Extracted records
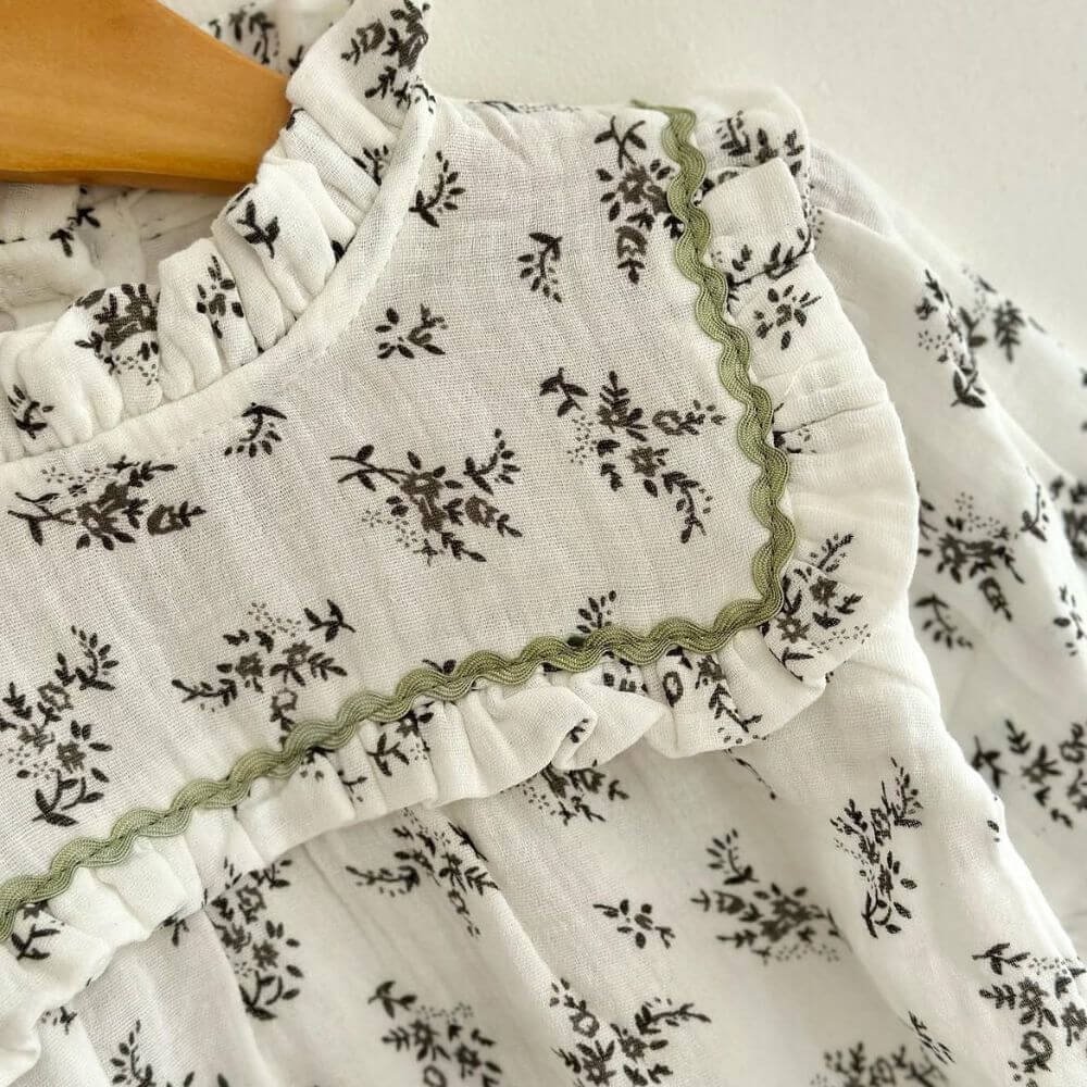 A charming romper featuring a beautiful floral pattern, perfect for your little one. Designed with long sleeves and a round neckline, this piece is elevated with delicate ruffle detailing around the collar and chest, adding a touch of timeless elegance.
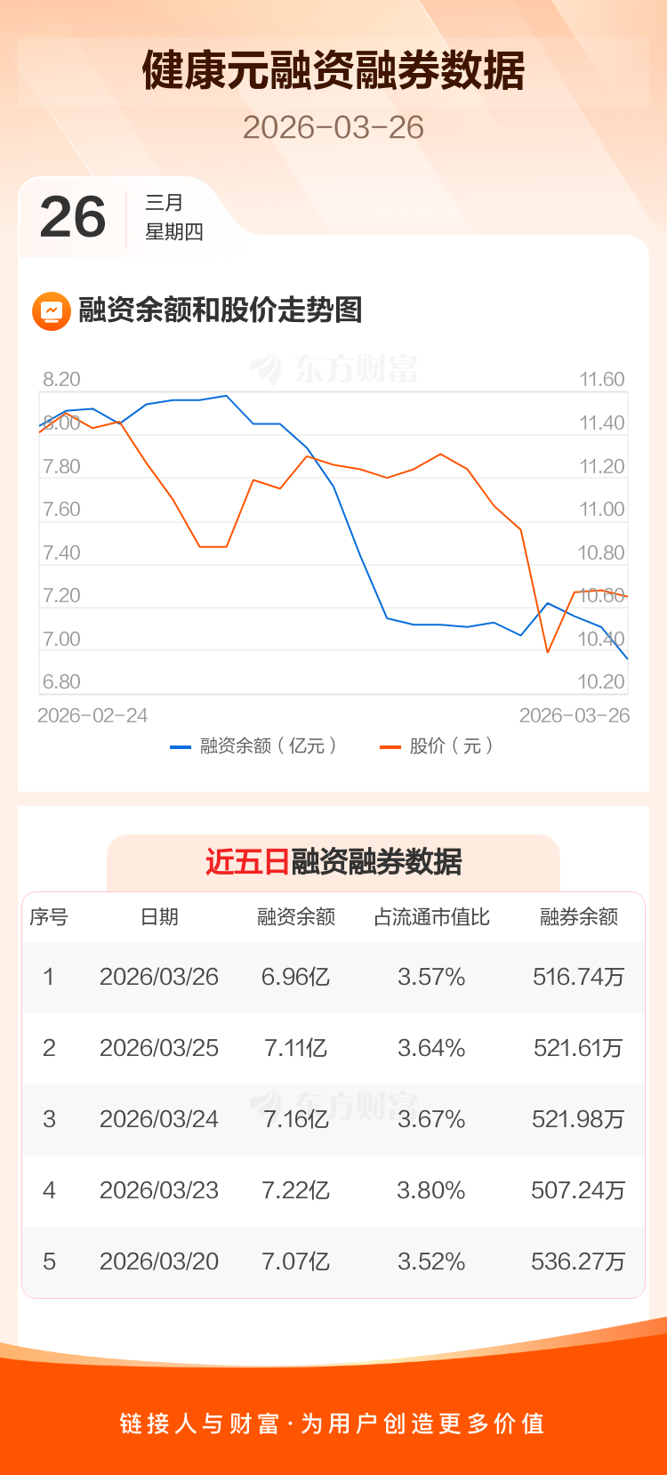交易所最新数据显示,健康元于2026年3月26日获融资买入1183.38万元,融资偿还2651.95万元,当日融资净偿还1468.56万元。目前,该股融资余额6.96亿,占流通市值比例为3.57%。
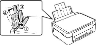 Ανοίξτε την προστασία τροφοδότη, αναπτύξτε τη στήριξη χαρτιού και, στη συνέχεια, τοποθετήστε την με κλίση προς τα πίσω.
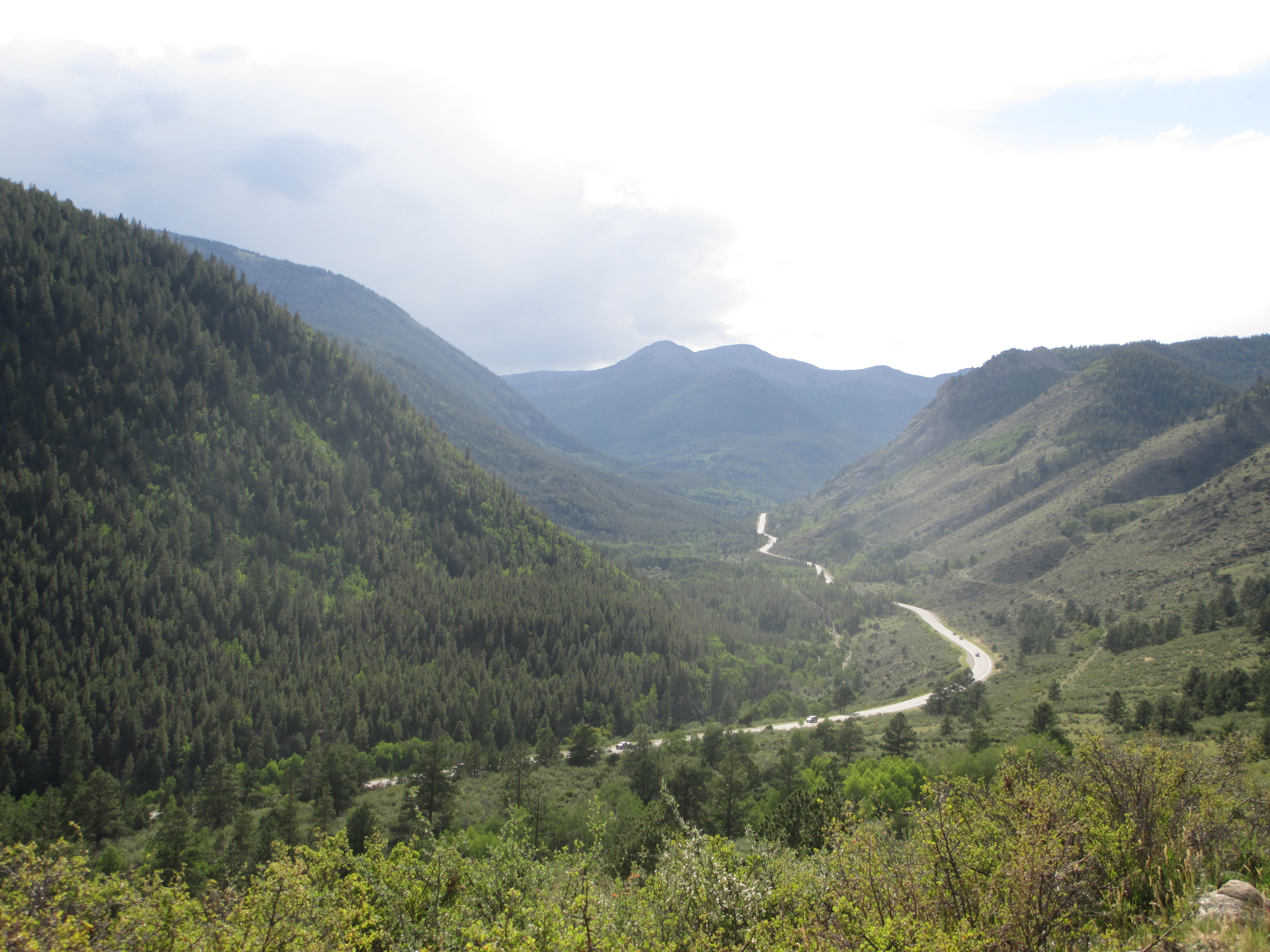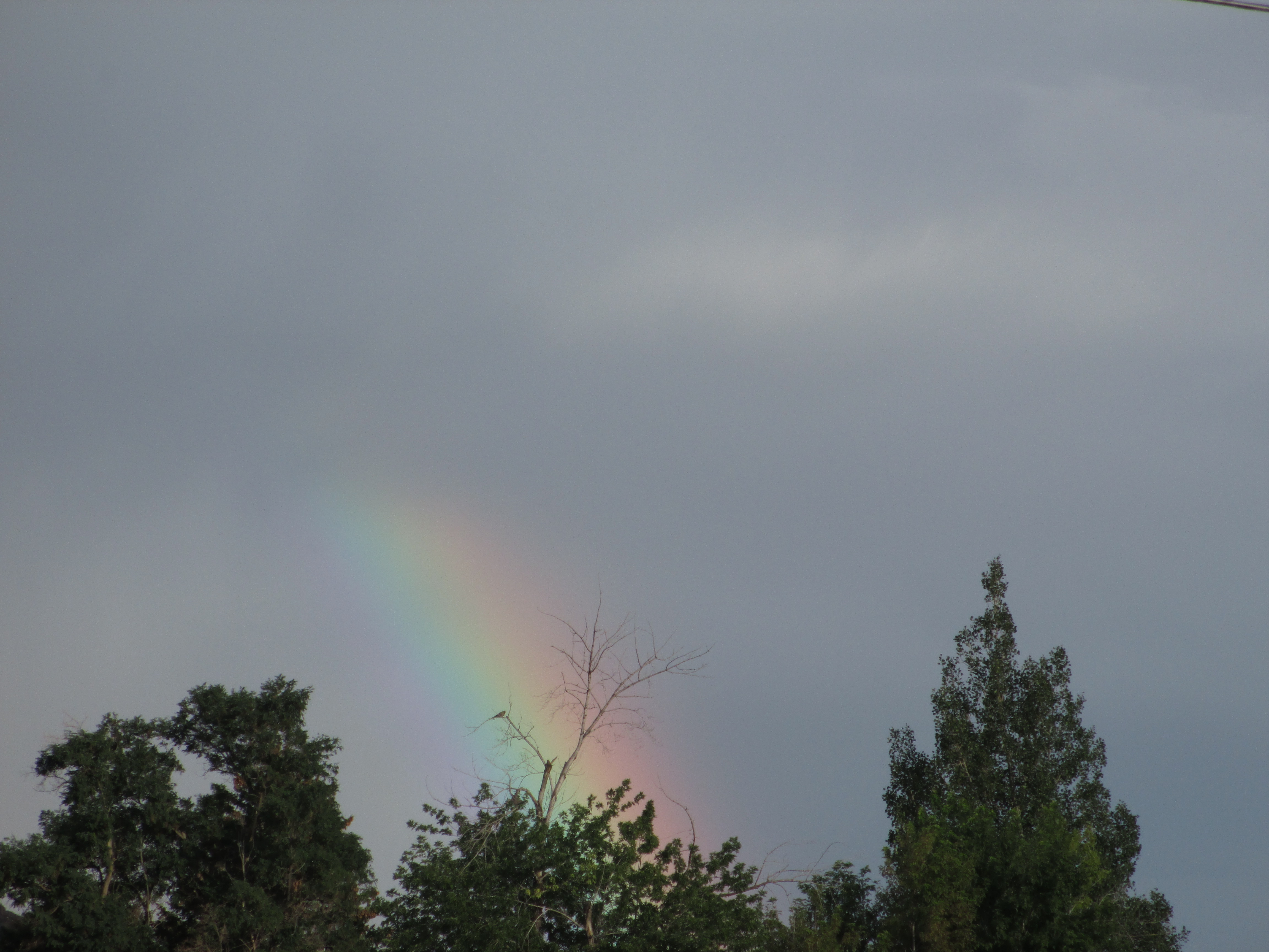I finally reached it, exhausted and completely out of energy, at 5:40pm. I didn’t know which way to hitch so I just stuck out my thumb. The first vehicle stopped. It was a shuttle, but going the opposite way. So, I crossed the road and stuck out my thumb again. Car after car passed, but no one stopped! Out of energy and wanting desperately to be able to rest, I dug into my pack for another power bar. I stuck out my thumb again, and still no one stopped. Then, a jeep coming from the opposite direction pulled in! I ran over and told the girl I was trying to get to Salida. She had passed me earlier and then thought that I seemed harmless and looked like I needed a ride. So, she turned back. She said that she used to pick up hitchhikers all of the time, but now that she is alone, she only picks up female hitchhikers. (Thank goodness I am female!). I put my pack in the back with Fred, the 2-colored eye dog and joined her in the front (warning her that I smell and that I could stay in the back…). The ride was pretty quiet. We did see a rainbow along the way! My first of the trip!
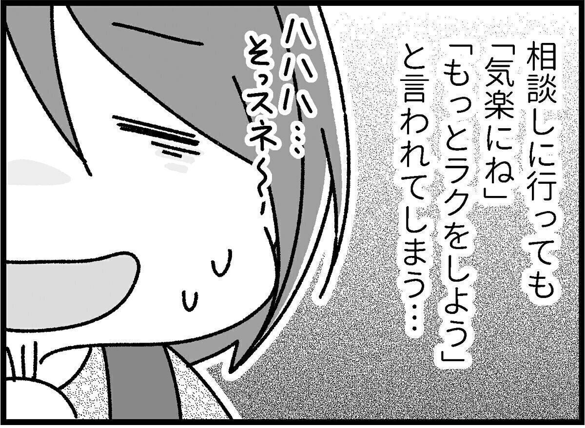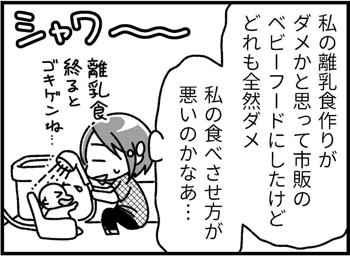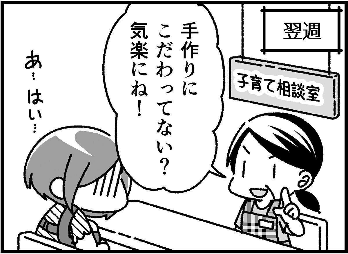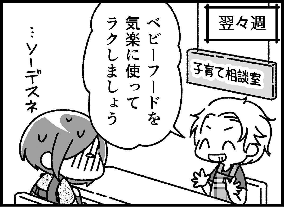 しかし、この時すでにベビーフードをガンガン使っていたし、肩の力を抜くといってもどう抜いていいのかわからず、笑顔であげているつもりだけど心配してしまうこと自体がもうダメなのかと思い、「つらい」と言えなくなり、相談できなくなってしまったんです。(続く)
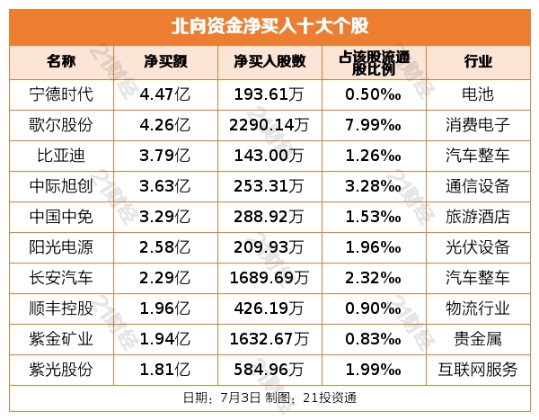 据21投资通智能监测,7月3日,北向资金净买入26.85亿元,其中沪股通净买入18.67亿元,深股通净买入8.19亿元。
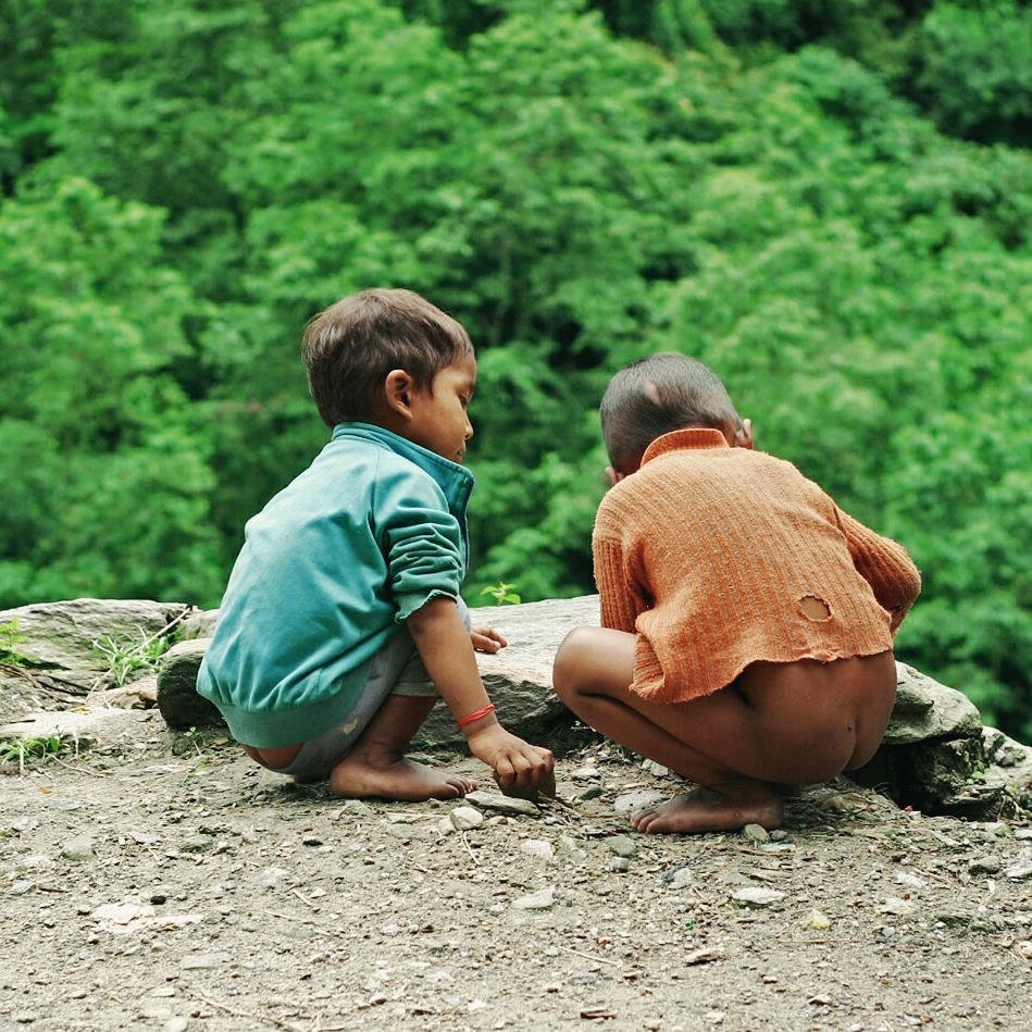 네팔 국경. 아이들은 흙과 나무를 만지며 하루를 놀았다.
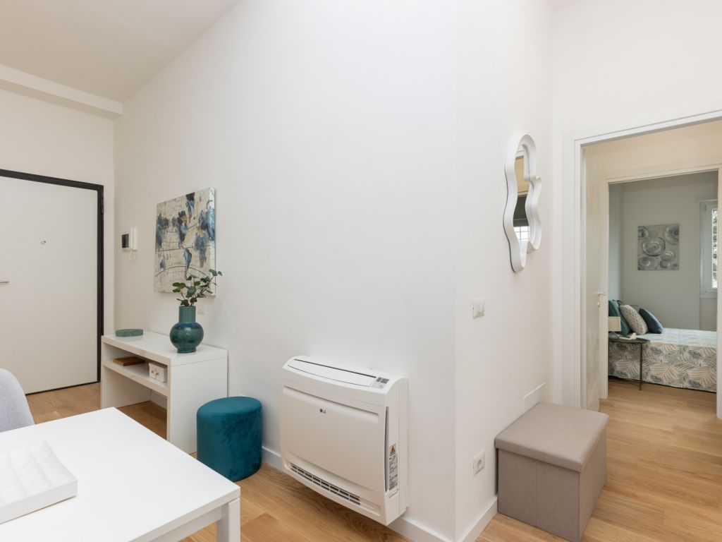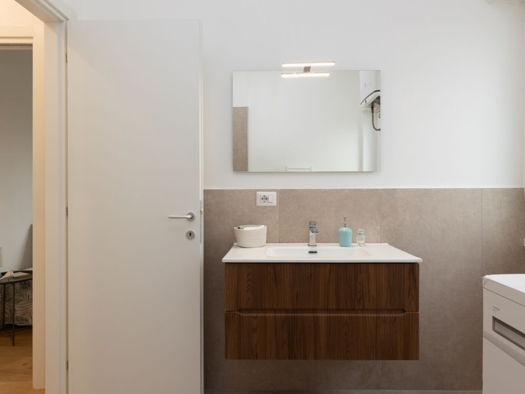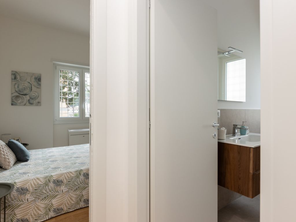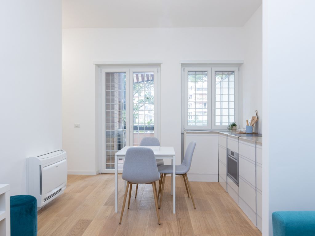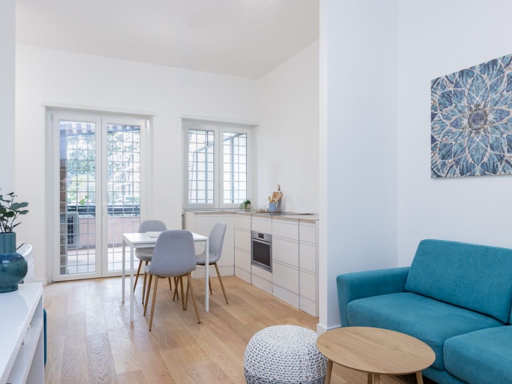 In comprensorio immerso nel verde con servizio di portineria, proponiamo la vendita di un appartamento posto al 1° piano, completamente ristrutturato e mai abitato. Questo bilocale si estende su una superficie di 52 mq commerciali con esposizione a Ovest ed è così composto: ingresso, soggiorno con angolo cottura (predisposizione per piano cottura ad induzione), camera matrimoniale, bagno arredato con finestra (con finiture di qualità) e terrazzo di 11 mq. Possibilità di acquistare una cantina di 8 mq ad € 7.000.
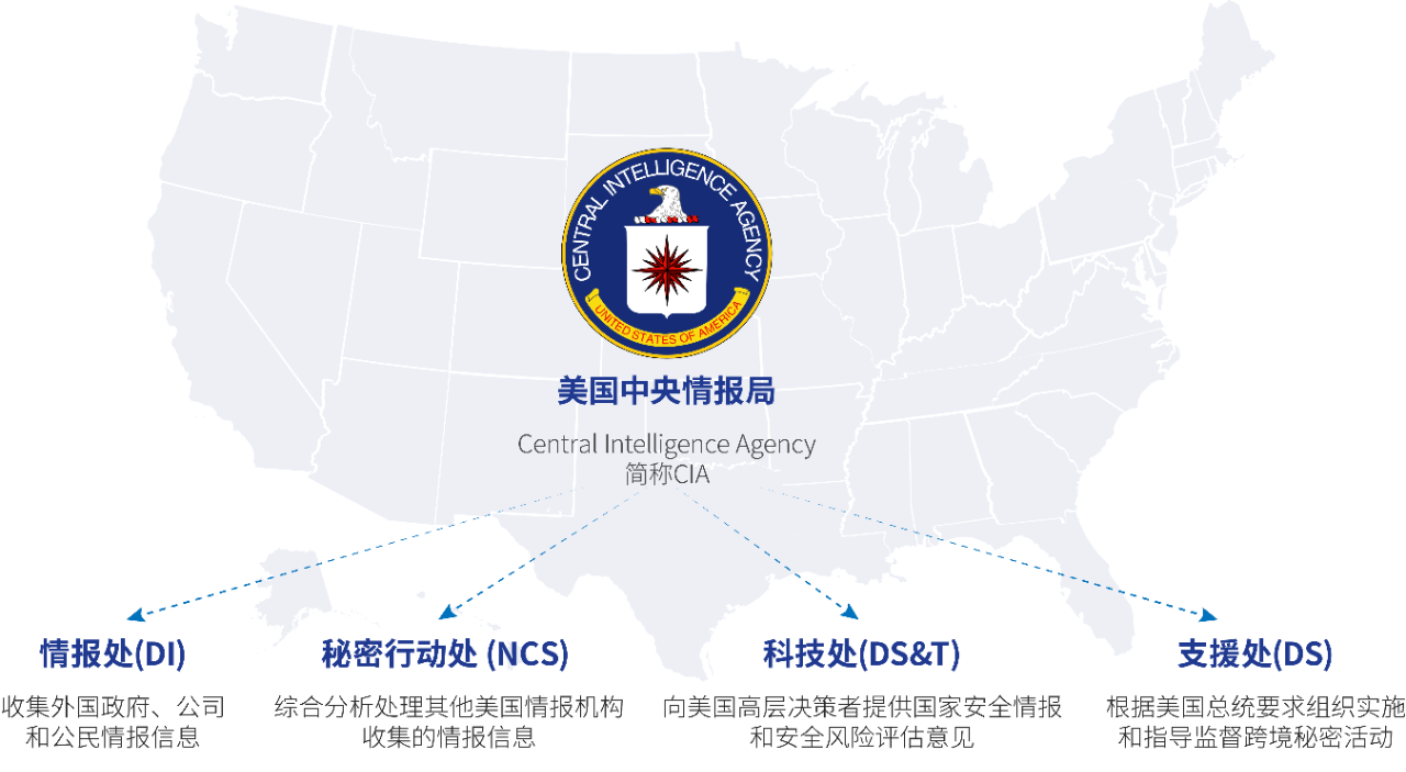CIA是美国联邦政府主要情报机构之一,总部位于美国弗吉尼亚州兰利,下设情报处(DI)、秘密行动处(NCS) 、科技处(DS&T)、支援处(DS)四个部门。其主要业务范围涉及:收集外国政府、公司和公民情报信息;综合分析处理其他美国情报机构收集的情报信息;向美国高层决策者提供国家安全情报和安全风险评估意见;根据美国总统要求组织实施和指导监督跨境秘密活动等。

> Work item
Write out, word for word, the stretch of entries that begins at the line with "Ανοίξτε την προστασία" and ends at the line with "In comprensorio immerso". Pictures do not belong in it.

> Written solution
 Ανοίξτε την προστασία τροφοδότη, αναπτύξτε τη στήριξη χαρτιού και, στη συνέχεια, τοποθετήστε την με κλίση προς τα πίσω.
I finally reached it, exhausted and completely out of energy, at 5:40pm. I didn’t know which way to hitch so I just stuck out my thumb. The first vehicle stopped. It was a shuttle, but going the opposite way. So, I crossed the road and stuck out my thumb again. Car after car passed, but no one stopped! Out of energy and wanting desperately to be able to rest, I dug into my pack for another power bar. I stuck out my thumb again, and still no one stopped. Then, a jeep coming from the opposite direction pulled in! I ran over and told the girl I was trying to get to Salida. She had passed me earlier and then thought that I seemed harmless and looked like I needed a ride. So, she turned back. She said that she used to pick up hitchhikers all of the time, but now that she is alone, she only picks up female hitchhikers. (Thank goodness I am female!). I put my pack in the back with Fred, the 2-colored eye dog and joined her in the front (warning her that I smell and that I could stay in the back…). The ride was pretty quiet. We did see a rainbow along the way! My first of the trip!
 しかし、この時すでにベビーフードをガンガン使っていたし、肩の力を抜くといってもどう抜いていいのかわからず、笑顔であげているつもりだけど心配してしまうこと自体がもうダメなのかと思い、「つらい」と言えなくなり、相談できなくなってしまったんです。(続く)
 据21投资通智能监测,7月3日,北向资金净买入26.85亿元,其中沪股通净买入18.67亿元,深股通净买入8.19亿元。
 네팔 국경. 아이들은 흙과 나무를 만지며 하루를 놀았다.
 In comprensorio immerso nel verde con servizio di portineria, proponiamo la vendita di un appartamento posto al 1° piano, completamente ristrutturato e mai abitato. Questo bilocale si estende su una superficie di 52 mq commerciali con esposizione a Ovest ed è così composto: ingresso, soggiorno con angolo cottura (predisposizione per piano cottura ad induzione), camera matrimoniale, bagno arredato con finestra (con finiture di qualità) e terrazzo di 11 mq. Possibilità di acquistare una cantina di 8 mq ad € 7.000.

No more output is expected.